BeLLM - A Belarusian LLM

Published on Jan 10, 2024

“Language is the road map of a culture. It tells you where its people come from and where they are going.” - Rita Mae Brown

Introduction

The beLLM project pioneers the development of the first Belarusian Large Language Model, inspired by the advancements in NLP for supporting underrepresented languages. This project aims to create a model that understands and generates text in Belarusian, leveraging the rich literary heritage of Belarus. The timeline of the project was from December 2023 to January 2024.

Progress

Project Setup

The project commenced with the architecture design inspired by GPT-2 and nanoGPT. I was referring to the existing implementations and adapting them to the Belarusian language (vocabularies, tokenization, etc.). Also the question of data collection and preprocessing was addressed by manual curation of a dataset. The computational resources were gained through servers of FU Berlin, Math Department.

Data Collection and Preparation

I manually curated and preprocessed a dataset consisting of Belarusian poems and prose. The dataset includes works from notable Belarusian authors and encompasses over 9.5 million characters. The dataset includes the following sources:

Some of the authors included in the dataset:

Maxim Tank (Максім Танк)
Yanka Kupala (Янка Купала)
Yakub Kolas (Якуб Колас)
Maxim Bogdanovich (Максім Багдановіч)
Vasyl Bykov (Васіль Быкаў)
Francishak Bagushevich (Францішак Багушэвіч)
Yanka Bryl (Янка Брыль)

Model Training

The training was conducted using PyTorch on a GPU-accelerated server.
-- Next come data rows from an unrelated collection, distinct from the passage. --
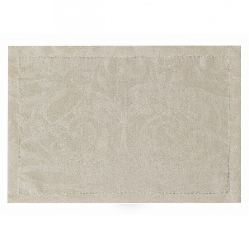Des tons neutres, des motifs voluptueux d'entrelacs, volutes et végétaux, parent ce superbe uni damassé en pur lin, purement chic et intemporel. Finitions raffinées. Sets de table vendus par 4. tissés en France. Le Jacquard Français.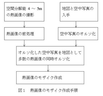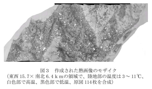 | [要約] | 広域で地上分解能が高く、精度も高い表面温度分布図を作成するために、航空機から熱画像を多数撮影して、ノイズ処理後、オルソ化して、つなぎ合わせ、モザイクを作成する手法を開発した。本法は、検出器の空間分解能が十分でない場合に共通して使える手法である。 |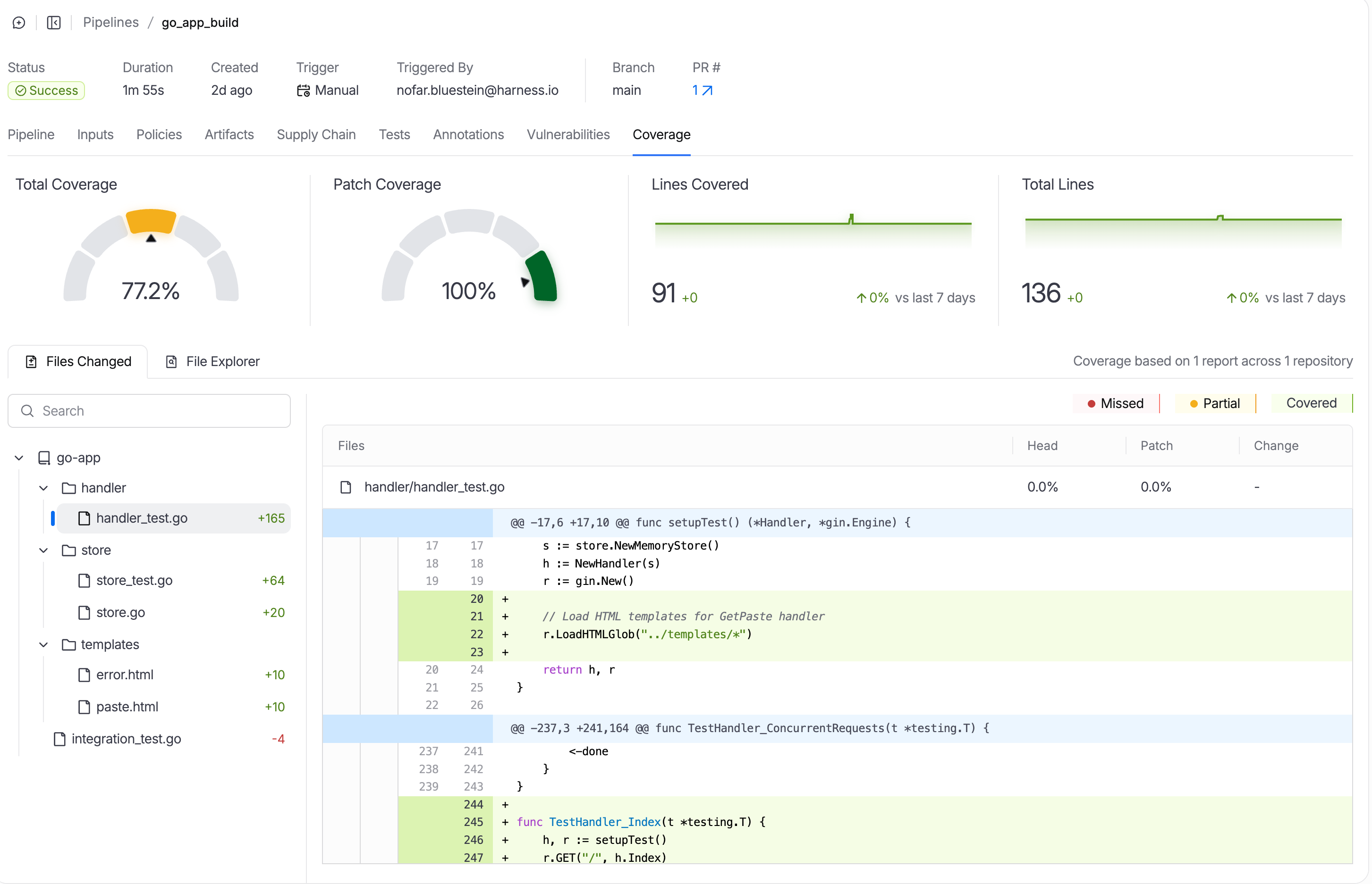 Code coverage shows what percentage of your code is exercised by tests. Harness displays coverage metrics in the Coverage tab of your pipeline execution, helping you identify untested code paths.

The model was trained on the curated dataset for multiple epochs, optimizing the loss function to enhance the model’s language generation capabilities. The total training time was approximately 4 hours and final model size is 125MB.

Results

Header Image

The trained model can generate coherent and contextually appropriate Belarusian text, demonstrating promising capabilities in language generation for an underrepresented language. View generated samples and model performance here.. Also, the models are available on Hugging Face model hub. beLLM on Hugging Face

Technology Learned/Used

Throughout this project, I deepened my expertise in:

PyTorch for model training and development
Python for general programming
NumPy for numerical computations
Pydantic for data validation

Conclusion

beLLM represents a significant step towards enriching the NLP tools available for Belarusian, offering insights and possibilities for future linguistic and cultural studies.